Dutch giant Heineken NV reported a sharp decline in profit and announced plans to cut spending, citing disappointing sales from British assets acquired last year.
Heineken said today that net income for 2008 fell 74 per cent to €209 million ($263 million), hurt by €757 million of charges related to writedowns of British, Russian and UK assets.
The former Scottish & Newcastle units, whose brands include Cork city-based Beamish Crawford and account for a quarter of Heineken's sales, had "lower-than-expected profits," chief executive officer Jean Francois van Boxmeer said by phone.
The Competition Authority gave Heineken NV permission to take over Beamish and Crawford last October following an inquiry that lasted six months.
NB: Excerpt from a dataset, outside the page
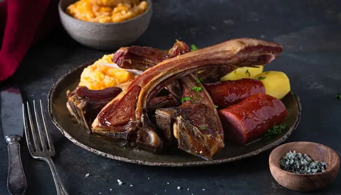 한국인에게 삼겹살이 있다면, 노르웨이인에게는 ribbe가 있다. 자르지 않은 두꺼운 옆구리 삼겹살을 갈빗대가 붙은 채로 한꺼번에 통으로 오븐에 구워, 껍데기를 바삭하게 만드는 ribbe [립베]는 노르웨이 전통 음식 중 단연 최애라고 말할 수 있다. 위키피디아에 따르면 노르웨이 내 크리스마스 밥상의 60% 정도를 차지할 정도로 널리 사랑받는 음식이라고 한다.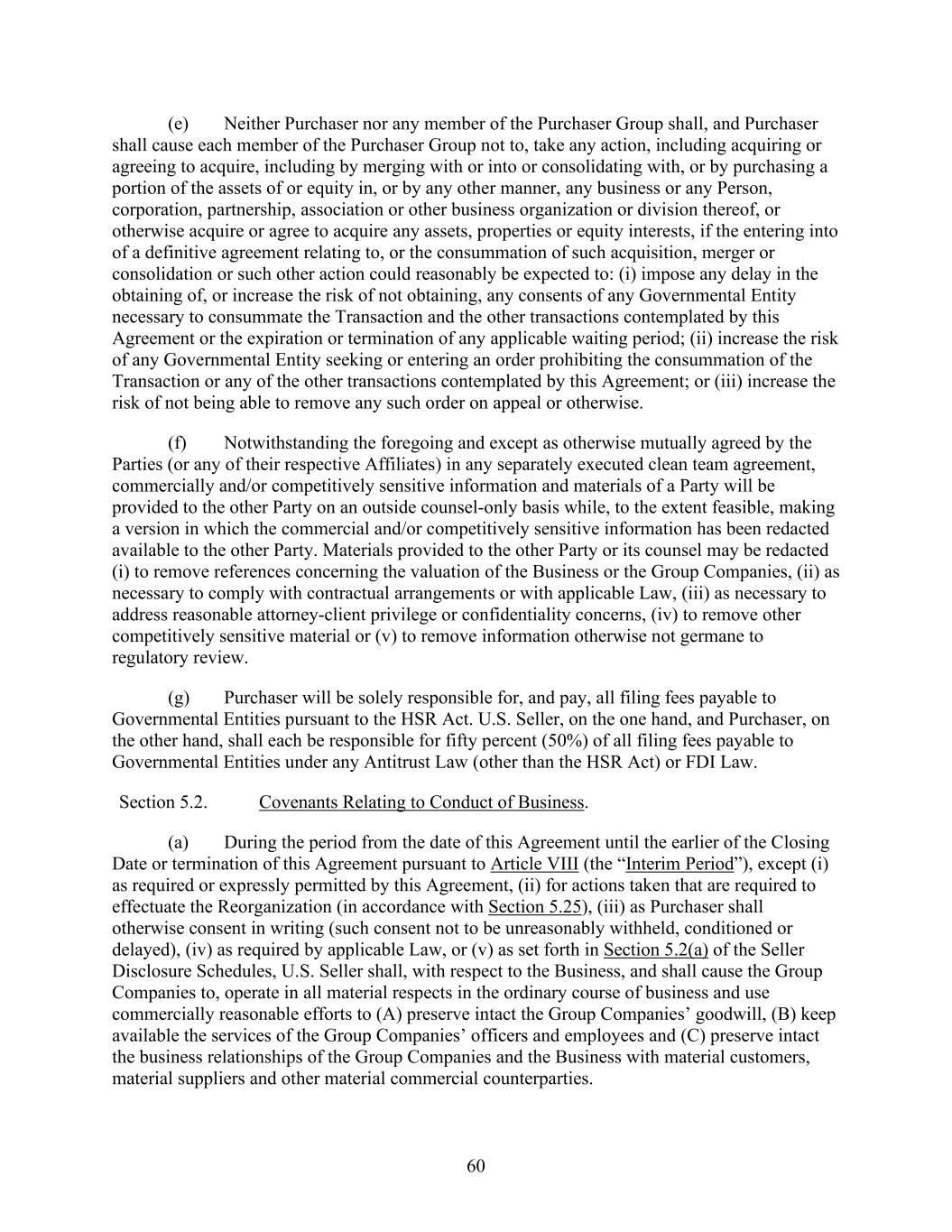 60 (e) Neither Purchaser nor any member of the Purchaser Group shall, and Purchaser shall cause each member of the Purchaser Group not to, take any action, including acquiring or agreeing to acquire, including by merging with or into or consolidating with, or by purchasing a portion of the assets of or equity in, or by any other manner, any business or any Person, corporation, partnership, association or other business organization or division thereof, or otherwise acquire or agree to acquire any assets, properties or equity interests, if the entering into of a definitive agreement relating to, or the consummation of such acquisition, merger or consolidation or such other action could reasonably be expected to: (i) impose any delay in the obtaining of, or increase the risk of not obtaining, any consents of any Governmental Entity necessary to consummate the Transaction and the other transactions contemplated by this Agreement or the expiration or termination of any applicable waiting period; (ii) increase the risk of any Governmental Entity seeking or entering an order prohibiting the consummation of the Transaction or any of the other transactions contemplated by this Agreement; or (iii) increase the risk of not being able to remove any such order on appeal or otherwise. (f) Notwithstanding the foregoing and except as otherwise mutually agreed by the Parties (or any of their respective Affiliates) in any separately executed clean team agreement, commercially and/or competitively sensitive information and materials of a Party will be provided to the other Party on an outside counsel-only basis while, to the extent feasible, making a version in which the commercial and/or competitively sensitive information has been redacted available to the other Party. Materials provided to the other Party or its counsel may be redacted (i) to remove references concerning the valuation of the Business or the Group Companies, (ii) as necessary to comply with contractual arrangements or with applicable Law, (iii) as necessary to address reasonable attorney-client privilege or confidentiality concerns, (iv) to remove other competitively sensitive material or (v) to remove information otherwise not germane to regulatory review. (g) Purchaser will be solely responsible for, and pay, all filing fees payable to Governmental Entities pursuant to the HSR Act. U.S. Seller, on the one hand, and Purchaser, on the other hand, shall each be responsible for fifty percent (50%) of all filing fees payable to Governmental Entities under any Antitrust Law (other than the HSR Act) or FDI Law. Section 5.2. Covenants Relating to Conduct of Business. (a) During the period from the date of this Agreement until the earlier of the Closing Date or termination of this Agreement pursuant to Article VIII (the “Interim Period”), except (i) as required or expressly permitted by this Agreement, (ii) for actions taken that are required to effectuate the Reorganization (in accordance with Section 5.25), (iii) as Purchaser shall otherwise consent in writing (such consent not to be unreasonably withheld, conditioned or delayed), (iv) as required by applicable Law, or (v) as set forth in Section 5.2(a) of the Seller Disclosure Schedules, U.S. Seller shall, with respect to the Business, and shall cause the Group Companies to, operate in all material respects in the ordinary course of business and use commercially reasonable efforts to (A) preserve intact the Group Companies’ goodwill, (B) keep available the services of the Group Companies’ officers and employees and (C) preserve intact the business relationships of the Group Companies and the Business with material customers, material suppliers and other material commercial counterparties.

The UK beer market shrank by 5.5 per cent last year, hurt by a pub smoking ban and higher taxes, and has worsened as the nation slides into recession.
"They paid too much for S&N," Gerard Rijk, an analyst at ING in Amsterdam, said before the results. "They need to take action to fight the crisis."
Heineken didn't give any forecast for full-year profit growth. "I don't have a crystal ball," van Boxmeer said.
Excluding acquisitions and the charges, earnings before interest and tax rose 8.7 per cent, less than 2007's 20 per cent increase. Sales rose 27 per cent to €14.32 billion. The quantity of beer sold, excluding acquisitions, gained 3.6 per cent.
That beat Heineken's previous target of at least "mid-single digits" percentage growth.
The brewer will focus on cost-cutting "everywhere in the company" as it no longer expects the S&N deal to add to earnings per share by 2012, as originally planned. Cost savings from the acquisition have reached 40 million euros so far.
"One thing that all the brewers have in common is the prospect of material cost savings," Investec analyst Anthony Geard said in an e-mailed note.
The Dutch brewer and rival Carlsberg A/S split up Scottish & Newcastle in a deal worth about $15 billion last year, with the Danish company getting the Russian assets.